At the University of Washington, materials scientists have used artificial intelligence to simulate stacks of molybdenum ditelluride sheets—dozens of atomic layers piled on top of one another in intricate patterns—and discovered something remarkable: quantum phenomena that don't exist at smaller scales suddenly emerge when the structure reaches a certain size. It's a breakthrough that suggests the way forward for quantum materials research isn't just building better supercomputers, but training AI systems to see what humans couldn't previously compute.

Quantum materials are the foundation of an emerging technological revolution. These exotic substances, governed by quantum mechanics rather than classical physics, exhibit properties like superconductivity and unusual magnetism that could power the next generation of quantum computers and energy-efficient electronics. Yet designing them has always been a bottleneck: researchers have to predict how materials behave across vastly different scales, from individual atoms to configurations large enough to be practically useful. For decades, this meant expensive trial-and-error or grinding away on supercomputers that could only handle so much complexity.

Ting Cao, an associate professor of materials science and engineering at the University of Washington and senior author of the research, describes the shift happening in his field with striking clarity: "What is exciting is that AI and quantum computing are beginning to change not just what problems we can solve, but how we do research." His team published their findings in the Proceedings of the National Academy of Sciences on June 2, demonstrating that an AI model trained on smaller datasets can act as a fast, relatively inexpensive surrogate for a supercomputer—effectively learning to extrapolate the behavior of huge material systems without needing to simulate every atom individually.

The approach worked by stacking virtual sheets of molybdenum ditelluride on top of one another, layer after layer. With traditional computing, this would have been impractical, perhaps impossible. But the AI system could handle it, revealing complex quantum behaviors that only emerged at scale. Researchers can now take the most promising candidates and attempt to manufacture them in the laboratory to verify the simulations actually predict the real world.

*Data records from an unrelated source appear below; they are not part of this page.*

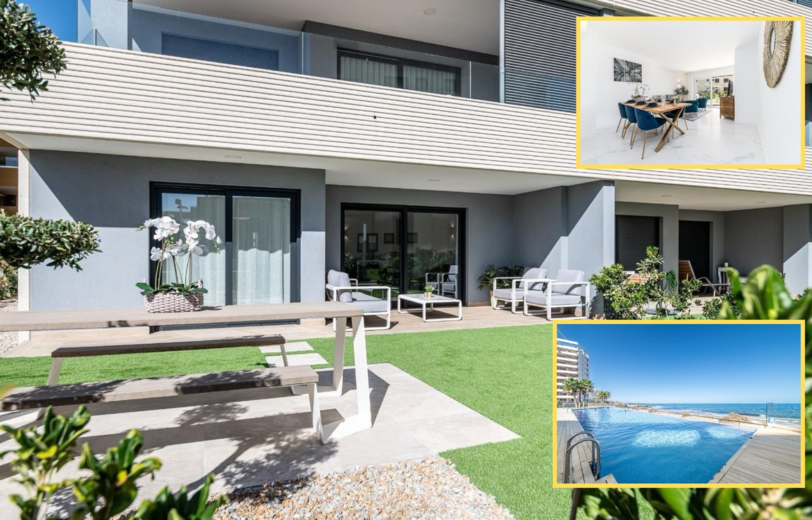 Discover this stunning new ground floor apartment in the prestigious Posidonia complex, located right by the sea in Punta Prima, Orihuela Costa. Offering breathtaking Mediterranean views, this luxurious residence is designed for those who seek the perfect combination of comfort, elegance, and an unbeatable location.This modern apartment features 2 spacious bedrooms and 2 stylish bathrooms, with high-end finishes throughout. The open-plan living area is bathed in natural light, seamlessly connecting to a large private terrace, where you can relax and enjoy the refreshing sea breeze.Posidonia is an exclusive residential complex with top-tier amenities, including three infinity pools, beautifully landscaped gardens, and direct beach access. Designed for a luxurious coastal lifestyle, the complex offers 24/7 security, underground parking, and an elegant ambiance that blends modern architecture with the beauty of the Mediterranean.Located in one of the most sought-after areas of the Costa Blanca, this apartment is just minutes away from renowned golf courses, shopping centers, fine dining, and all essential services. Whether you’re looking for a holiday retreat or a prime investment, this property is a rare opportunity to own a piece of paradise by the sea.
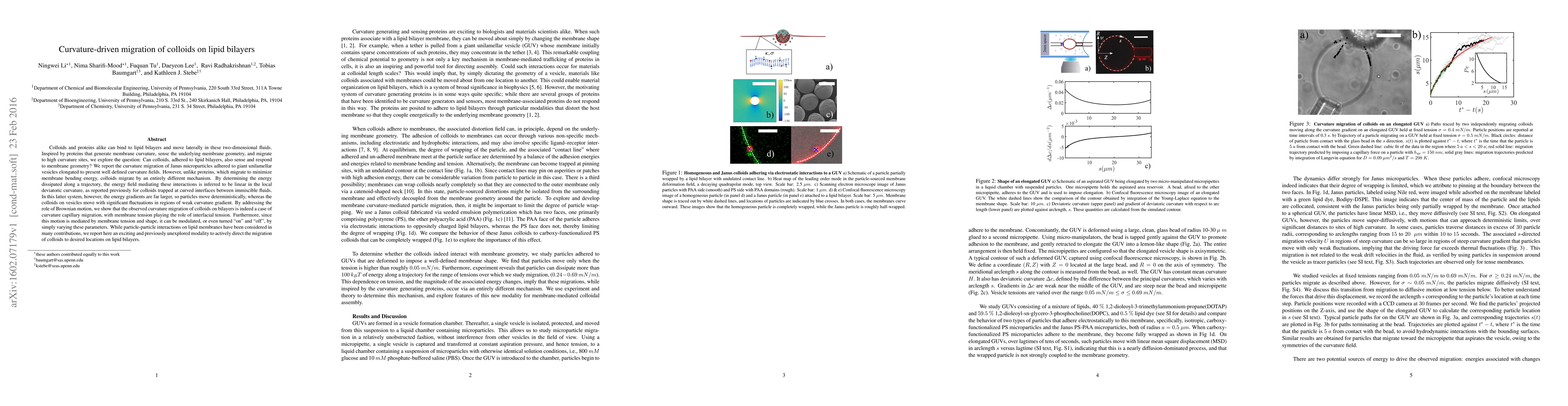 The paper presents a detailed analysis of colloidal particle migration on lipid bilayers, distinguishing it from protein behavior and elucidating the role of membrane tension in curvature-driven migration.
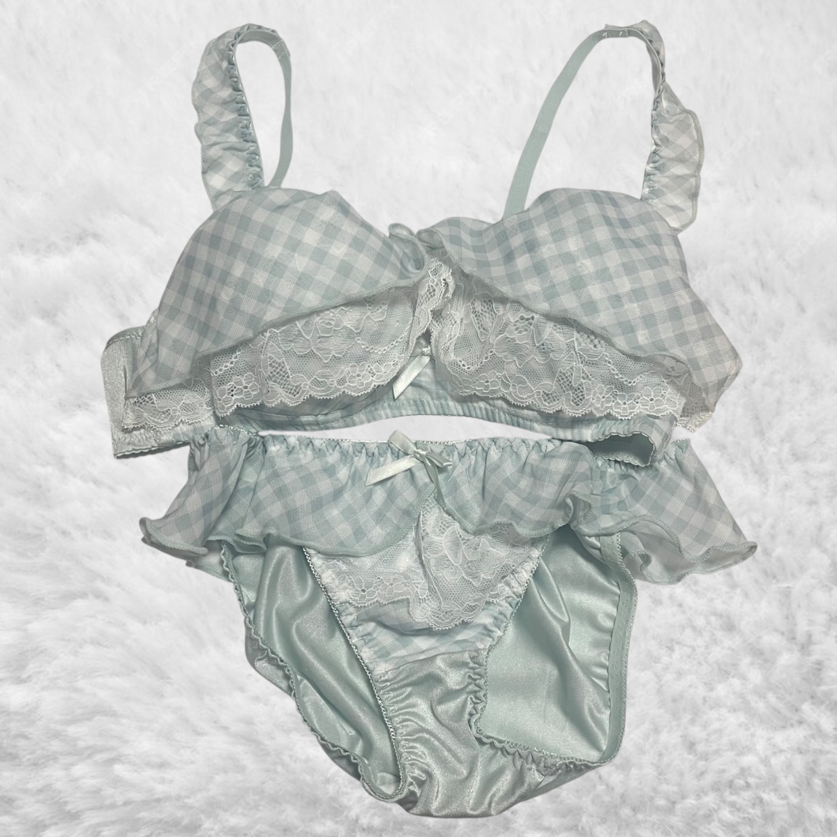 - フリフリレースが可愛い水色チェックのブラジャー&パンツセットです♡( ៸៸ › ⩊ ‹ ៸៸)♡
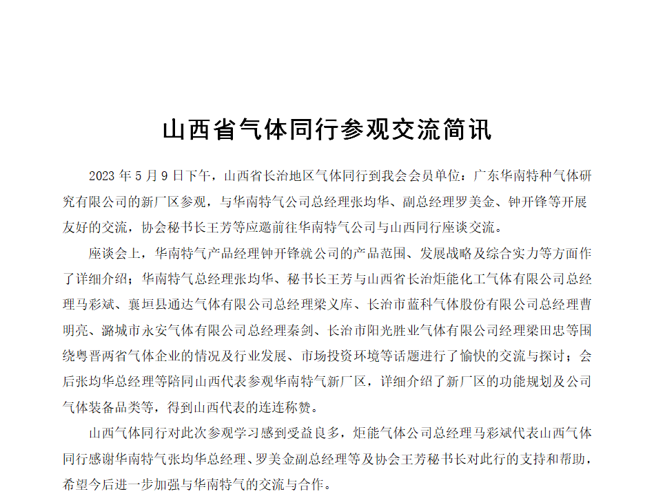 山西省氣體同行參觀交流簡訊
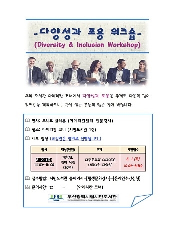 부산시립시민도서관이 오는 22일 오후 2시부터 시민 20명을 대상으로 ‘다양성과 포용’을 주제로 주한미국대사관 연사 초청 워크숍을 연다고 13일 밝혔다.
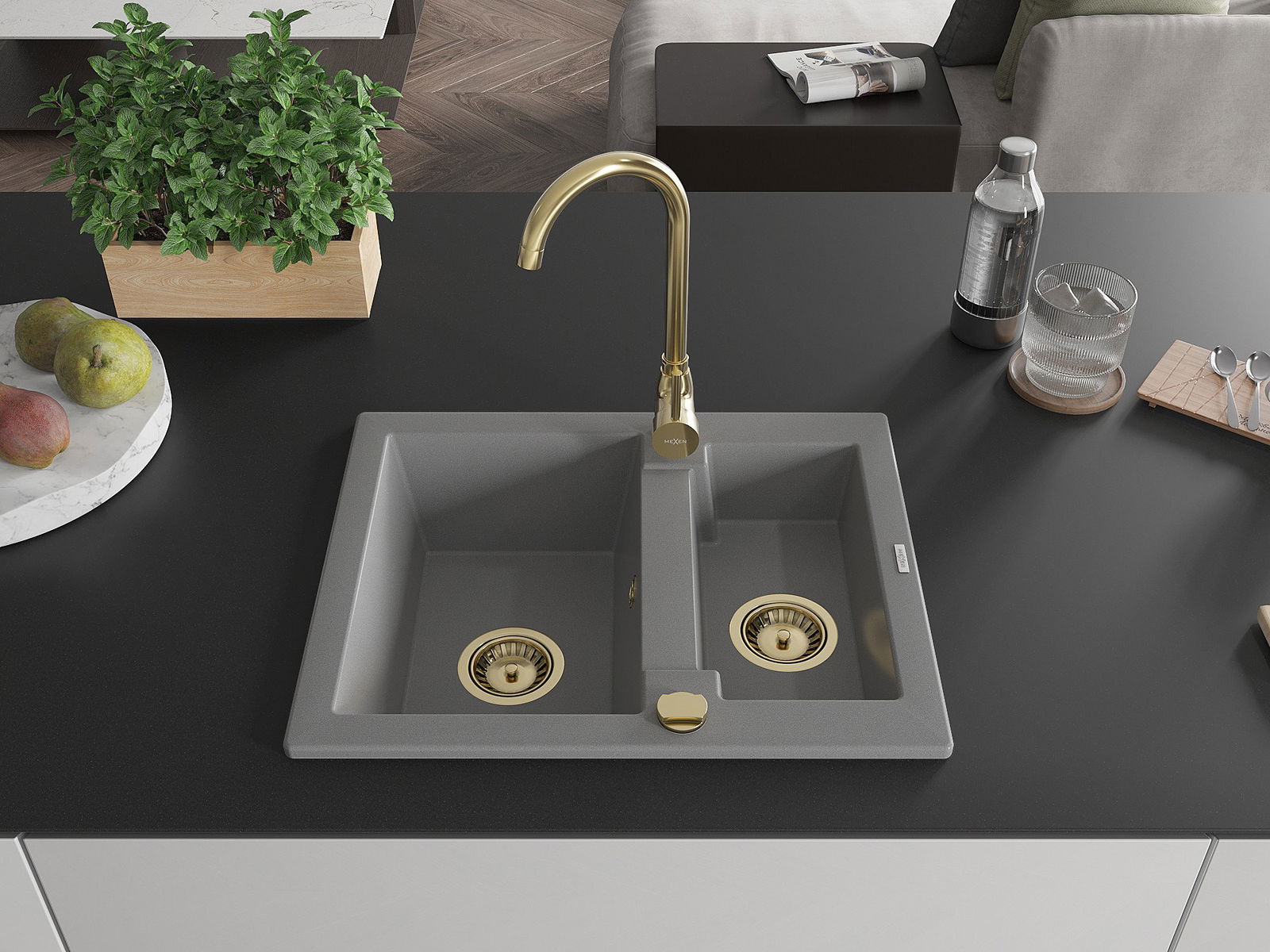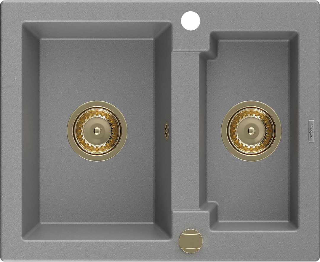 Mexen Carlos granite kitchen sink 1.5-bowl 582 x 475 mm, grey, gold siphon - 6518581500-71-G

In a complementary study published June 8 in Nature Communications, Cao's team demonstrated that quantum computers themselves can be part of the solution. Where AI struggles with certain quantum phenomena like entanglement, quantum computers excel naturally—they're powered by the same physics researchers want to study. The team used a quantum computer to investigate an exotic phase of matter called a Laughlin state, opening a new avenue for discovery.

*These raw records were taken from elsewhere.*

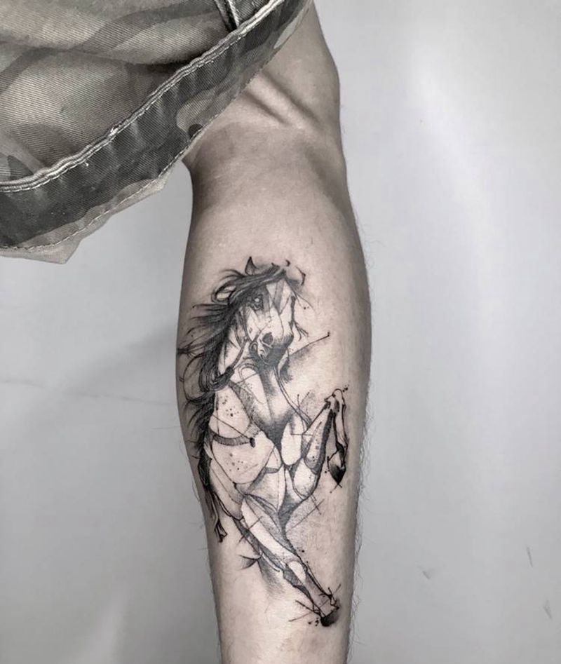 骏马纹身图片_腿部欧美写实水墨纹身图案
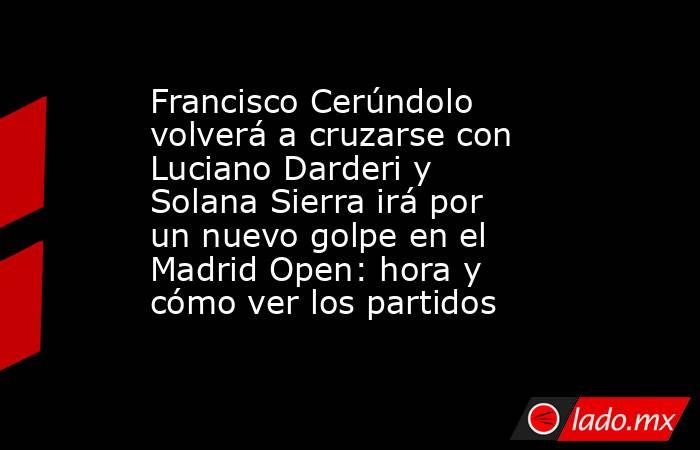 El Madrid Open sigue su marcha y tendrá presencia argentina tanto en el cuadro masculino como en el femenino. Por un lado, Francisco Cerúndolo afrontará un exigente cruce ante el ítalo-argentino Luciano Darderi por la tercera ronda, mientras que Solana Sierra buscará los cuartos de final frente a la experimentada checa Karolina Pliskova.
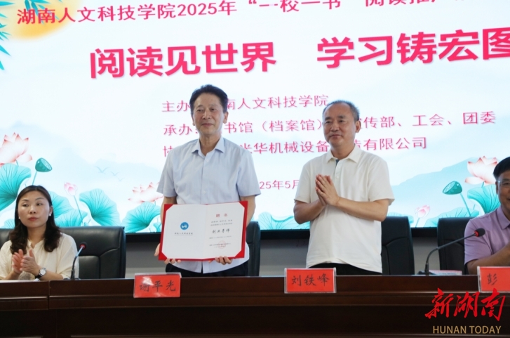 湖南日报·新湖南客户端5月23日讯(通讯员 刘时容 刘燕)5月20日下午,beat365中文官方网站在该校图书馆415学术交流中心举行了2024年“一校一书”阅读推广活动颁奖典礼暨2025年“阅读见世界 学习铸宏图”阅读推广活动启动仪式。该校副校长刘铁峰出席,娄底光华机械设备制造有限公司董事长谢平光、该校党委宣传部副部长田密及师生代表参加。启动仪式由该校图书馆(档案馆)馆长彭辉主持。
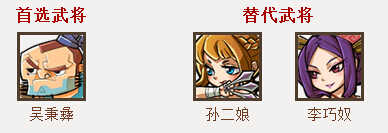 吴秉彝(首选武将),孙二娘、李巧奴(替代武将)

Di Xiao, the chair of materials science and engineering at the University of Washington and co-author of both studies, frames this moment with unmistakable conviction: "We are at the start of a new era. Our field is fundamentally changing. Things that were literally impossible a couple of years ago are now becoming routine."

Looking ahead, Cao and his team plan to expand their datasets and develop models that can simulate a far wider range of materials. The ultimate goal is to merge their AI and quantum computing systems into a hybrid tool—using AI to guide quantum simulations while quantum computers generate new data to improve the AI models further. It's a feedback loop that promises to accelerate discovery and unlock quantum materials that would otherwise remain locked away in the realm of theory.